Sorry for the very contrived example but this caused me some confusion earlier! Thanks
Ideally, these bugs would be fixed upstream.... currently, Matplotlib is very inconsistent about accepting row vs. column vectors (some functions allow it, some don't), and PyPlot has to work around this.
I didn't implement any workarounds for keyword arguments yet, though.
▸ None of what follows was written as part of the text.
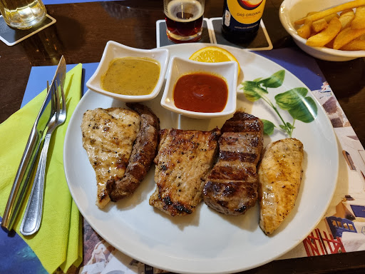 Ich habe nun zum ersten Mal in dieser Griechischen Taverne zu Abend gegessen. Wir kamen zu fünft zu dieser Lokalität. Dieses Lokal hat einen eigenen Parkplatz und ist damit nur einen Sprung entfernt. Desweiteren besitzt die Taverne neben der Treppe auch eine Rampe welche es erlaubt mit einem Rollstuhl oder auch Rollator problemlos zum Eingang zu gelangen(Großer Pluspunkt). Augenscheinlich von Außen eine sehr schöne Taverne mit angrenzender Terrasse. Waren leider im Winter dort, deswegen fließt die Terrasse nicht in die Beurteilung. Der Innenraum ist spartanisch eingerichtet, aber die Gestaltung der Wande würde Athene sehr gefallen. Nun zu dem wichtigsten Punkt, dem Essen:

It should be straightforward.
These singleton arrays seem to be quite the nuisance, I do hope the julia dev team are going to do away with the ambiguity
@olaslett, I don't think that's going to happen. Unlike Matlab, Julia has 1d arrays (all arrays in Matlab are at least 2d). Unless Julia defines a separate Array type for row vectors, those will need to be 2d arrays.